Distinguished Lecturer Series
Kansas State University
Computing and Information Sciences Department
Title: PADS: Processing Arbitrary Data Sources
Speaker: Kathleen Fisher (AT&T Research)
Date: Tuesday, March 7, 2006
Time: 11:00 AM
Location: K-State Union 207
Vast amounts of useful data are stored and processed in ad hoc formats. Traditional databases and XML systems provide rich infrastructure for processing well-behaved data, but are of little help when dealing with ad hoc data. Examples that we face at AT&T include call detail data, web server logs, netflows capturing internet traffic, log files characterizing IP backbone resource utilization, and wire formats for legacy telecommunication billing systems. Such data may simply require processing before it can be loaded into a data management system, or it may be too large or too transient to make such loading cost effective. Typically, data consumers have no control over the format of ad hoc data. Therefore, they must invest significant effort in understanding such a data source and writing a custom parser, a process that is both tedious and error-prone. Often, the hard-won understanding of the data ends up embedded in parsing code, making both sharing the understanding and maintaining the parser difficult. Typically, such parsers are incomplete, failing to specify how to handle situations where the data does not conform to the expected format.

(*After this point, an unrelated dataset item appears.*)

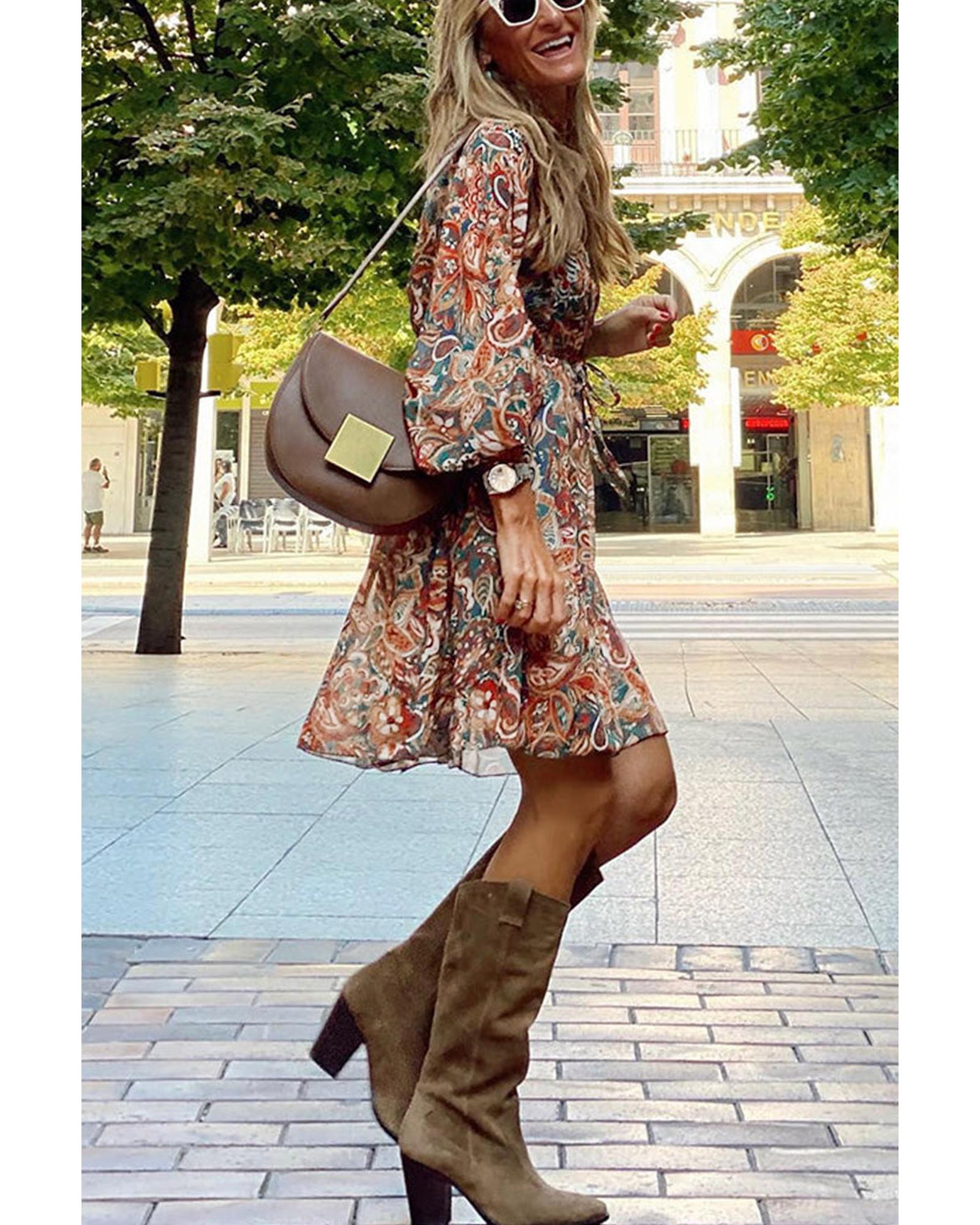 Brown Geometric Print Long Sleeve Surplice Flowy Dress – XL

PADS is a declarative data description language that allows data analysts to describe both the physical layout of ad hoc data sources and semantic properties of that data. From such descriptions, the PADS compiler generates libraries and tools for manipulating the data, including parsing routines, statistical profiling tools, translation programs to produce well-behaved formats such as XML or those required for loading relational databases, and tools for running XQueries over raw PADS data sources. The descriptions are concise enough to serve as ``living'' documentation while flexible enough to describe most of the ASCII, binary, and Cobol formats that we have seen in practice. The generated parsing library provides for robust, application-specific error handling.
This is joint work with Mary Fernandez, Bob Gruber, Yitzhak Mandelbaum, and David Walker.

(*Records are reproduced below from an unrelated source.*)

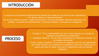 Este documento describe el proceso de auditoría administrativa y sus diferentes fases. Presenta los integrantes del equipo de auditoría y ofrece definiciones de proceso, auditoría administrativa y conocimiento científico. Explica las fases de identificación, planeación y desarrollo de la auditoría, incluyendo actividades como el estudio preliminar, diagnóstico, planeación y obtención de datos. El objetivo principal es allegarse de información relevante y confiable para realizar un análisis que conduzca a una evaluación fundamentada.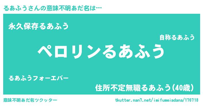 | 恥ずかしいあだ名 | 『プリティーるあふう』『るあちん』 |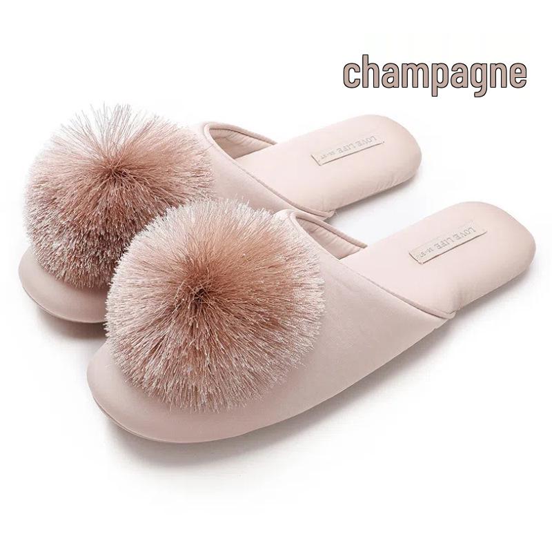 Женские атласные тапочки с кисточками: Шелковистый, Нескользящий, Дышащий, Бесшумный Комфорт для Весны и Осени. 38/39 шампанского

This was actually a very good research summary and generated quite a bit of food for thought. George Strawn from the NSF, another special invited lecturer who spoke later in the afternoon (during a Graduate Council meeting I had to attend), came to this talk, as did our first faculty candidate of this week. I ought to have made one of Fisher's two talks mandatory class participation for this month in my database class. I have some notes from the talk that I will post to the class mailing list later.
Edit, Sat 11 Mar 2006 - Here's the CIS Seminar List if you aren't familiar with it. I learned later from Greg Monaco in Psychology that a lot of people who are potentially interested in computational models of cognitive processes are not on our seminar list because:
- a) there haven't been that many speakers in the areas of human-computer interaction (HCI), natural language processing (NLP), cognitive science, computational neuroscience, brain theory, and cognitive psychology
- b) most of the "language processing" talks in our department are hardcore programming languages talks (the one last Friday on Example-Based Machine Translation by Violetta Cavalli-Sforza was a rare exception), and are harder for cogsci folks to grok
- c) most Psych people are unaware of our seminar website or our mailing list (possibly what our department actually does as research, too, but that's another story)
From now on, I'll be reposting links to Distinguished Lecturer talks from the seminar site here, just in case.